The establishment of the aquaculture park is funded by the Department of Economic Development, Environmental Affairs & Tourism (DEDEAT) through the Provincial Stimulus Fund.

According to CDC, it is expected to create over 900 jobs in line with the provincial development strategy and focuses on establishing the Eastern Cape’s (EC) Oceans Economy.

“As government, the most important thing is to save jobs and go beyond saving to creating jobs. This stimulus fund seeks to fund enterprises that seek to save jobs, this is something that we have done and continue to do.”

“With the Oceans Economy Master Plan there is a lot to be tapped and if we focus on that Master Plan we will create jobs, especially with the coastline that we have in the EC,” said MEC for Economic Development and Finance – Mlungisi Mvoko.

So far CDC has signed 4 Letters of Intent (LOI’s) with companies which have shown interest in building two Perlemoen Farms and two Finfish Farms.

The two Perlemoen Farms projects are earmarked to create over 700 jobs and the two Finfish Farms coming in with 200 jobs.

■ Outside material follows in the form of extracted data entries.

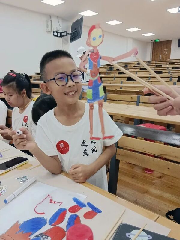在研学专业教室,资深的皮影戏课程导师详细讲解了皮影戏的历史演变、地域特色等方面的知识,让孩子们更加深入的了解这一非遗技艺的文化内涵。
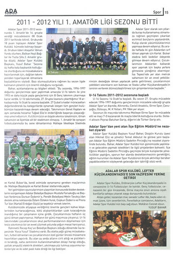 11-Adalar Spor: “Ada Gazetesi’nin 15 Ocak-31 0cak 2012 tarihli son sayısında…”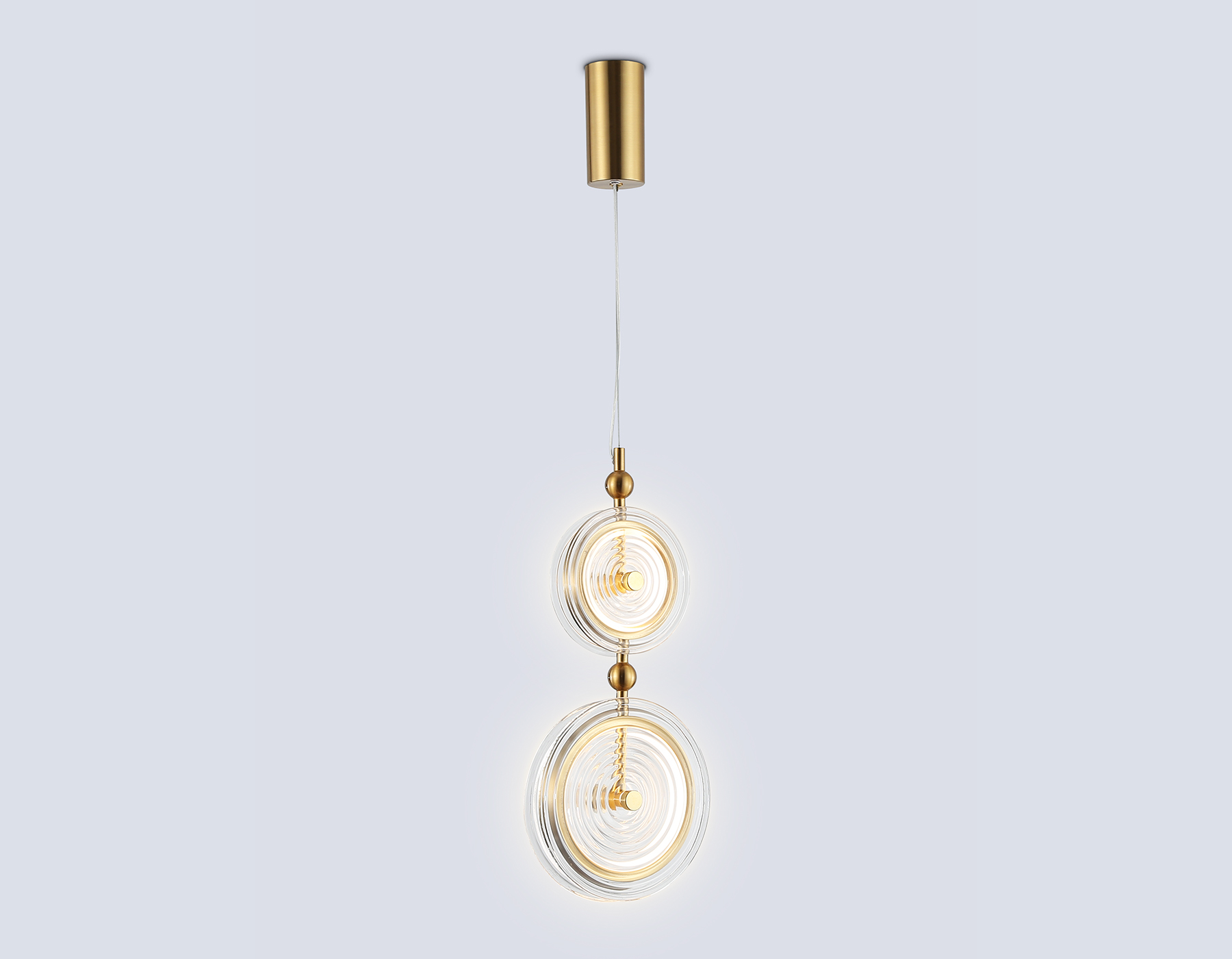 Подвесной светодиодный светильник из коллекции HIGH LIGHT. Модель LH31127 представлена в стиле неоклассика. Светильник выполнен из металлического каркаса цвета латунь и двух стеклянных плафонов. Эта модель оснащена встроенными светодиодами, благодаря чему вы забудете о замене дополнительных ламп. Светильник будет прекрасным дополнением в любом помещении.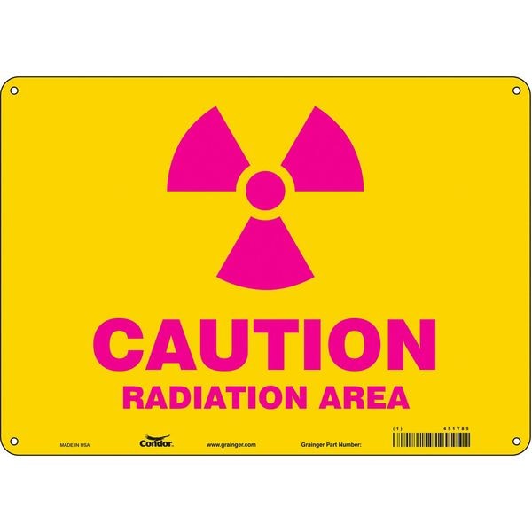 Radiation Safety Sign, 10 in H, 14 in W, Polyethylene, Horizontal Rectangle, 451Y85

Coega Aquaculture Development Zoneis expected to create over 900 jobs.

According to CDC Project Development Manager, Dr Du Plessis, they are currently working on installation of the needed infrastructure for the development of the farms which will take up to 9 months to get things off the ground.

Built on 400ha of land, ADZ’s first phase will occuppy110ha. The project will also see the construction of a desalination plant.

Meanwhile, CDC has extended its market offering beyond the South African borders into Zimbabwe, Cameroon, Central African Republic (CAR) and Democratic Republic of Congo (DRC) under the Coega Africa Programme (CAP).

In Zimbabwe, the organization is providing consulting services to develop the Norton (Lentsloane) and Eco-Soft Special Economic Zones in Harare, privately owned by TD Holdings.

TD Holdings has interest in other businesses, which include, amongst others, Lunar Global Foods, and Redwing Agro-City.

The CAP has further obtained a 20-year concession of Logistics Bases in Douala in Central African Republic for the development of a Dry Port for the storage of goods.

The project will commence in April 2021 with an estimated investment value of US$ 30m.

The entity is awaiting confirmation of projects in Cameroon and the DRC.